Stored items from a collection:
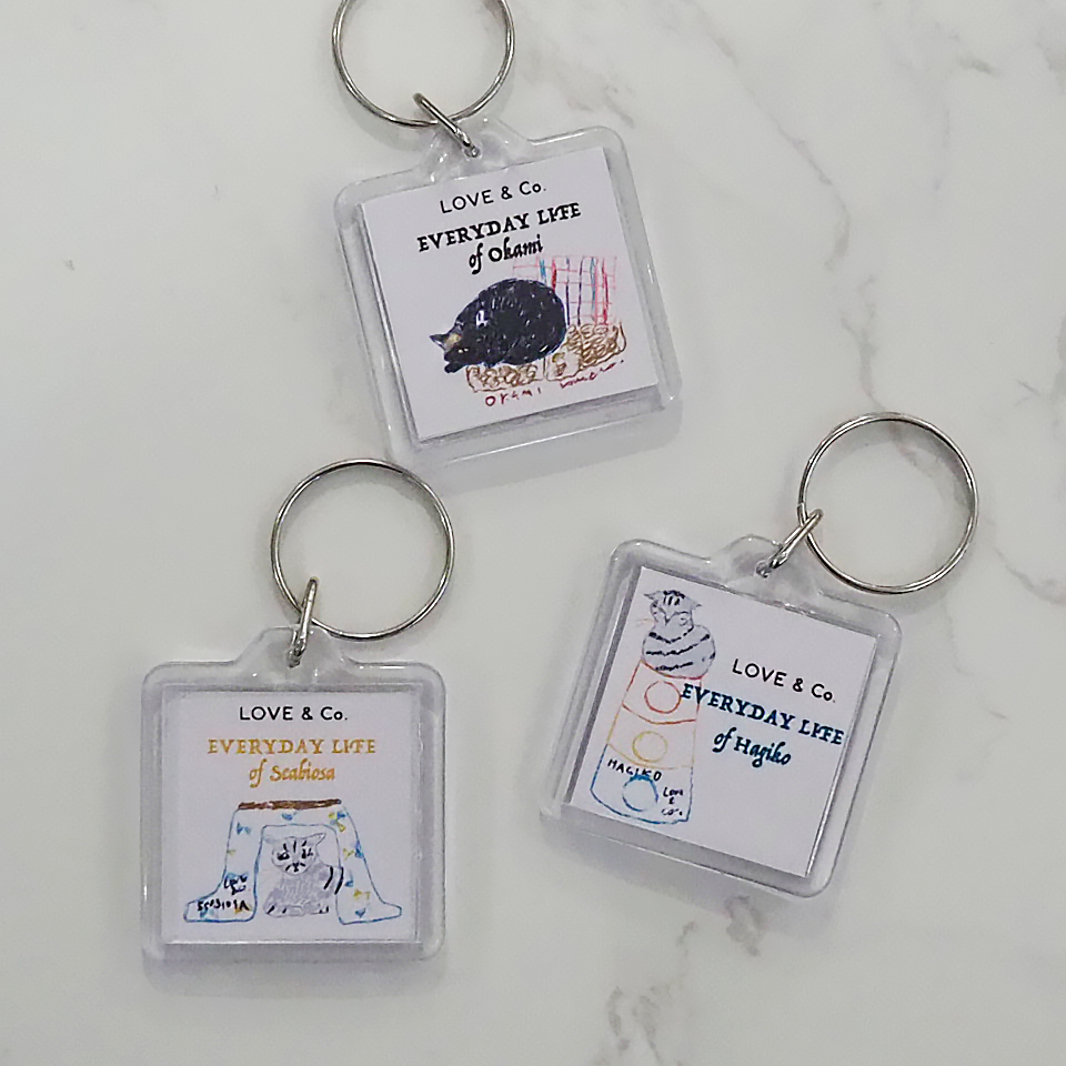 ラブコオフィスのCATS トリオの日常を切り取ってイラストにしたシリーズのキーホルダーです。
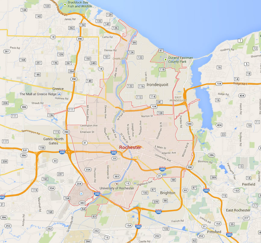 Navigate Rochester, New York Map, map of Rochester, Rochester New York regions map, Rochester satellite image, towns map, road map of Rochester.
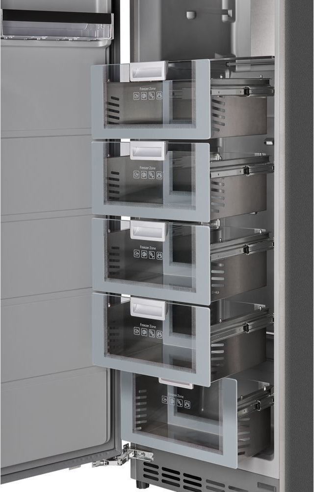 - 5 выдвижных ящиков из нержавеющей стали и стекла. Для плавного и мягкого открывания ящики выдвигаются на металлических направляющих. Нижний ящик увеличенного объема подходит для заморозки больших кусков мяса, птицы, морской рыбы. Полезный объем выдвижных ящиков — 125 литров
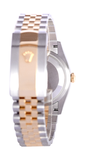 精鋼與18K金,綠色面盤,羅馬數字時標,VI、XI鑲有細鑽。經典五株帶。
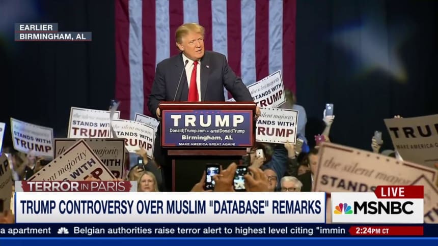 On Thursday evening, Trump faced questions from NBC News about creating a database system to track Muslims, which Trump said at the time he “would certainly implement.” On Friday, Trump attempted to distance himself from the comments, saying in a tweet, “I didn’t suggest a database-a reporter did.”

WHAT IS EXPECTED:
You need to copy every entry exactly, taking out only the pictures.

EXERCISE OUTPUT:
 ラブコオフィスのCATS トリオの日常を切り取ってイラストにしたシリーズのキーホルダーです。
 Navigate Rochester, New York Map, map of Rochester, Rochester New York regions map, Rochester satellite image, towns map, road map of Rochester.
 - 5 выдвижных ящиков из нержавеющей стали и стекла. Для плавного и мягкого открывания ящики выдвигаются на металлических направляющих. Нижний ящик увеличенного объема подходит для заморозки больших кусков мяса, птицы, морской рыбы. Полезный объем выдвижных ящиков — 125 литров
 精鋼與18K金,綠色面盤,羅馬數字時標,VI、XI鑲有細鑽。經典五株帶。
 On Thursday evening, Trump faced questions from NBC News about creating a database system to track Muslims, which Trump said at the time he “would certainly implement.” On Friday, Trump attempted to distance himself from the comments, saying in a tweet, “I didn’t suggest a database-a reporter did.”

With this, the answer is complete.